* _TASK ITEM_
Retype the lines below exactly, but only those from the line that has "29: Device for" through the line that has "Dimensions Pavillon Veronica". Omit every picture.

* _RECORDED INFORMATION_
=-=-=-=-=
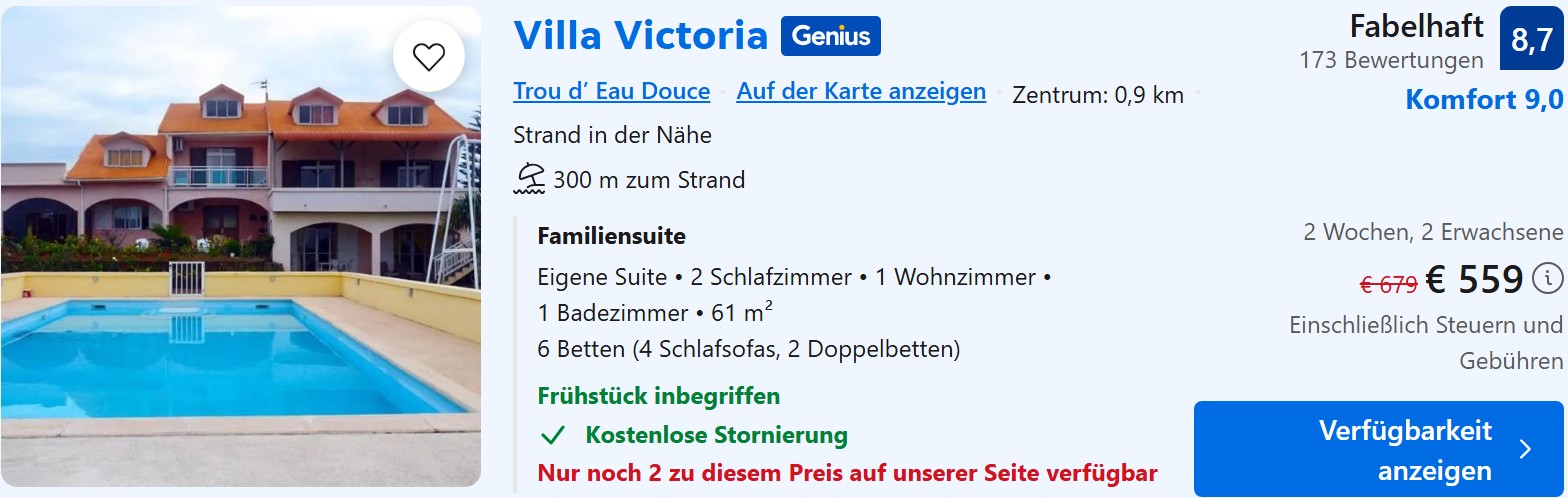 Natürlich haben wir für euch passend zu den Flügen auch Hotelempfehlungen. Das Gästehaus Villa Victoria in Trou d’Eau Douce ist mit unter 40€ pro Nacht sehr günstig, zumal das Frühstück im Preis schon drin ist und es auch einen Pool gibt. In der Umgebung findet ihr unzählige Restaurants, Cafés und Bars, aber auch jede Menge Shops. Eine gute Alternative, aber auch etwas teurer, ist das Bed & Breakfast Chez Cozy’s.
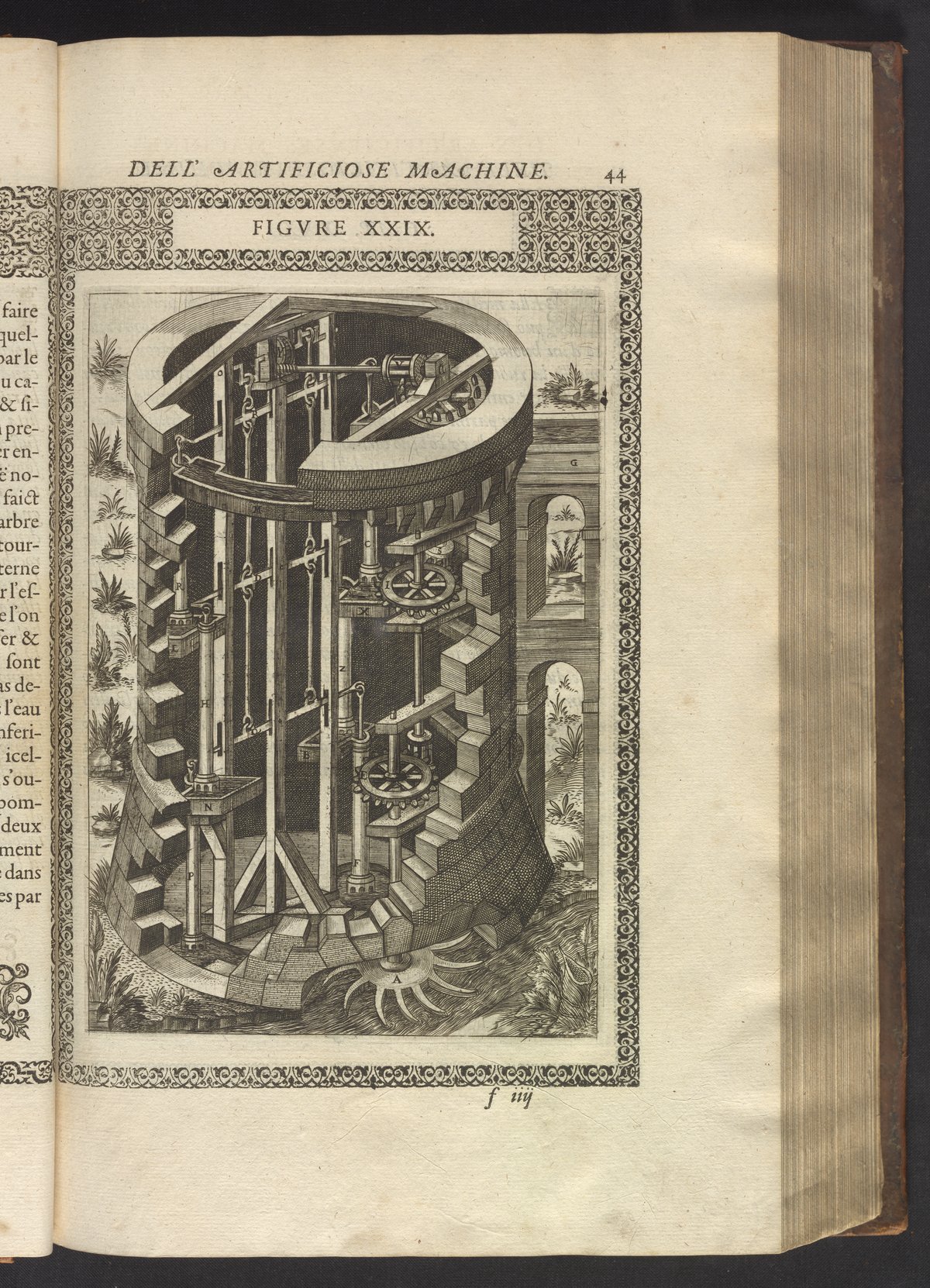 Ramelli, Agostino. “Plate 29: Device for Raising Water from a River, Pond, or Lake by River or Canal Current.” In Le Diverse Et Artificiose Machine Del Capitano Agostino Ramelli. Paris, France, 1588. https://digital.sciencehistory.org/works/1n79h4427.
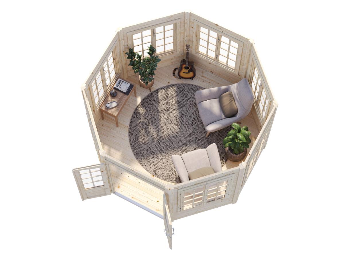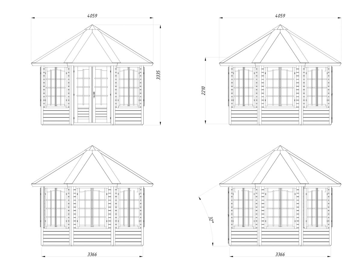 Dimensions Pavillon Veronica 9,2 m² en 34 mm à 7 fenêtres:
=-=-=-=-=
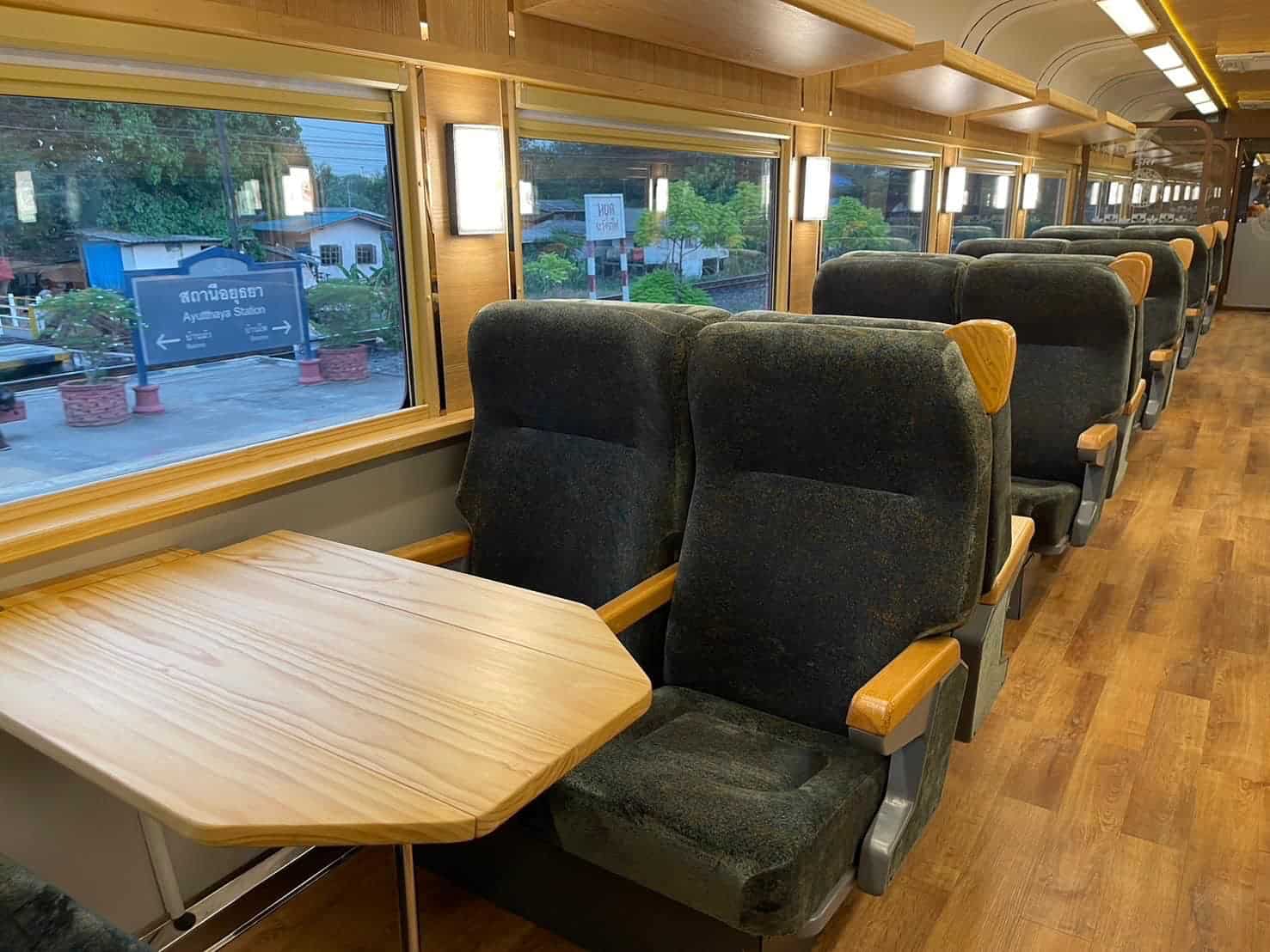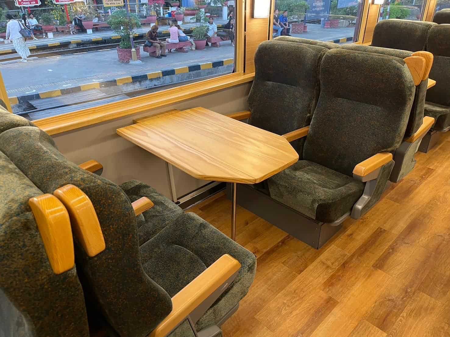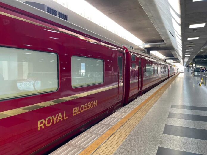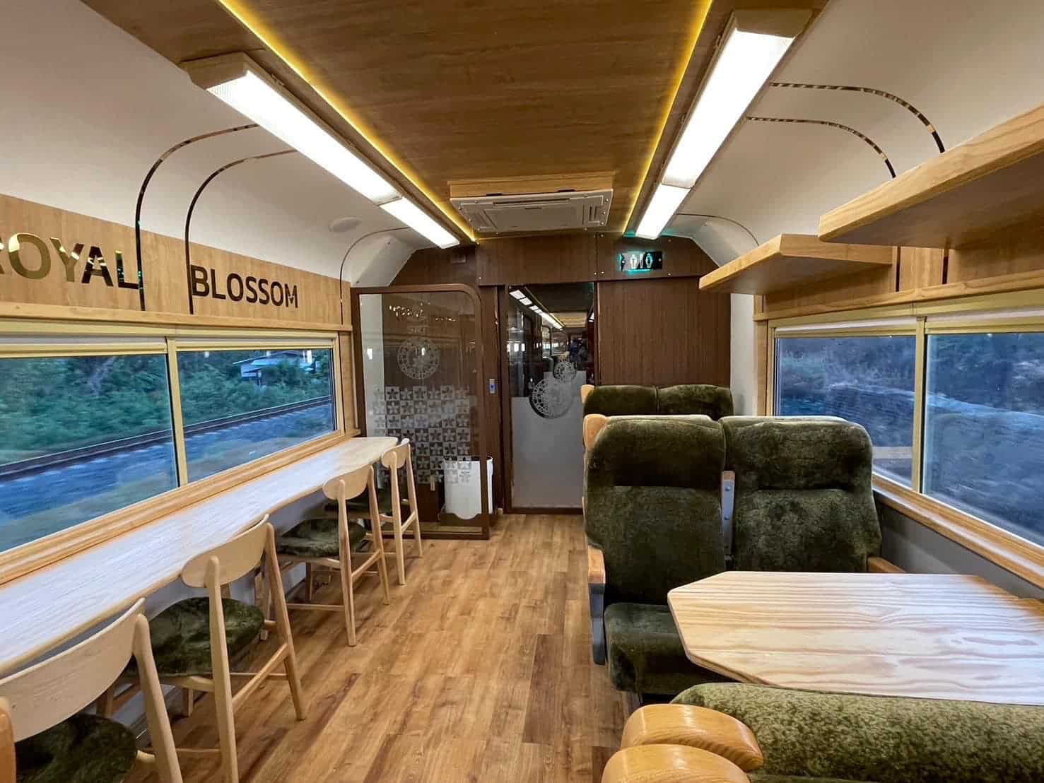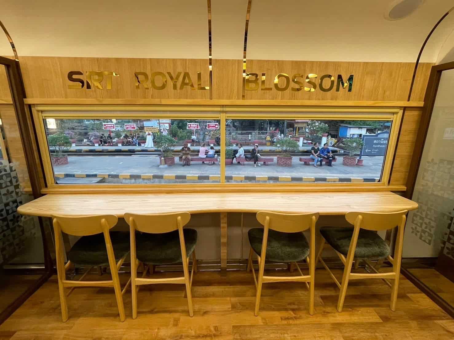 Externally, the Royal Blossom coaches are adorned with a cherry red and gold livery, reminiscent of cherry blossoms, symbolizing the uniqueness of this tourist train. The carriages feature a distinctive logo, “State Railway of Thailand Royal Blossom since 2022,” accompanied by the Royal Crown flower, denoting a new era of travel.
=-=-=-=-=
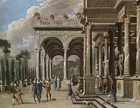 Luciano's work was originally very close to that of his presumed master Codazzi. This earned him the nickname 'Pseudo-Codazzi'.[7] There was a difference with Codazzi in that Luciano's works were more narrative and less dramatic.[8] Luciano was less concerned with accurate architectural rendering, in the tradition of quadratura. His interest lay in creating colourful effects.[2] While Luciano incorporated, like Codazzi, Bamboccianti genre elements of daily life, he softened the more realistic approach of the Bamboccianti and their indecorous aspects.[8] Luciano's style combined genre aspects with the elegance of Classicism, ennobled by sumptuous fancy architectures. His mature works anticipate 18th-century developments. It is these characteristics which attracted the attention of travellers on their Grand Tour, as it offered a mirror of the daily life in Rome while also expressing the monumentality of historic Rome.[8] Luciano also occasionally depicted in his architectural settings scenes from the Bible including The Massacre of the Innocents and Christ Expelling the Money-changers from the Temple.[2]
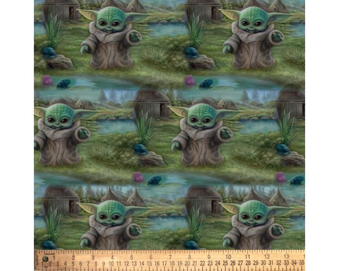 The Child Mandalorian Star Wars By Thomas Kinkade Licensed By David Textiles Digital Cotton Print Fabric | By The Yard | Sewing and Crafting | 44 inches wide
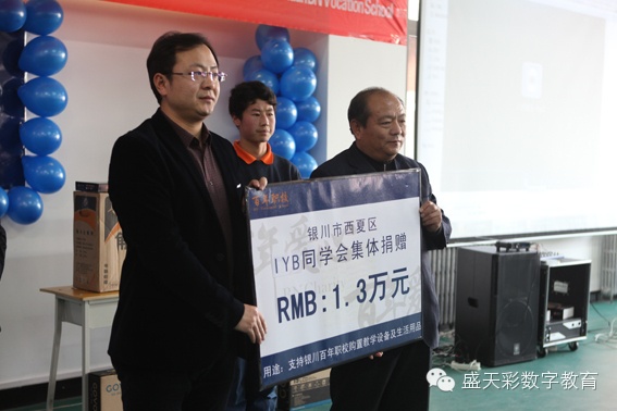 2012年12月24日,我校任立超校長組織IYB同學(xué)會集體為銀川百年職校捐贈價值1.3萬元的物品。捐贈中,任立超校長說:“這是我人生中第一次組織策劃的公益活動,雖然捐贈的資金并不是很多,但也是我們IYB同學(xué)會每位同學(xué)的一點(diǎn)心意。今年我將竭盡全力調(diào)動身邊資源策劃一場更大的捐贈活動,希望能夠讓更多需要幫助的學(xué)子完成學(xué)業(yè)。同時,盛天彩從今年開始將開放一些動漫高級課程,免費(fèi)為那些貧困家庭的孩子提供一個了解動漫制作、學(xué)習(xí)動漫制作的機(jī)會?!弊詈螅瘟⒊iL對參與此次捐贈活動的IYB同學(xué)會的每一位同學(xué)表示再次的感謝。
=-=-=-=-=
* _THE COMPLETED TASK_
 Ramelli, Agostino. “Plate 29: Device for Raising Water from a River, Pond, or Lake by River or Canal Current.” In Le Diverse Et Artificiose Machine Del Capitano Agostino Ramelli. Paris, France, 1588. https://digital.sciencehistory.org/works/1n79h4427.
 Dimensions Pavillon Veronica 9,2 m² en 34 mm à 7 fenêtres:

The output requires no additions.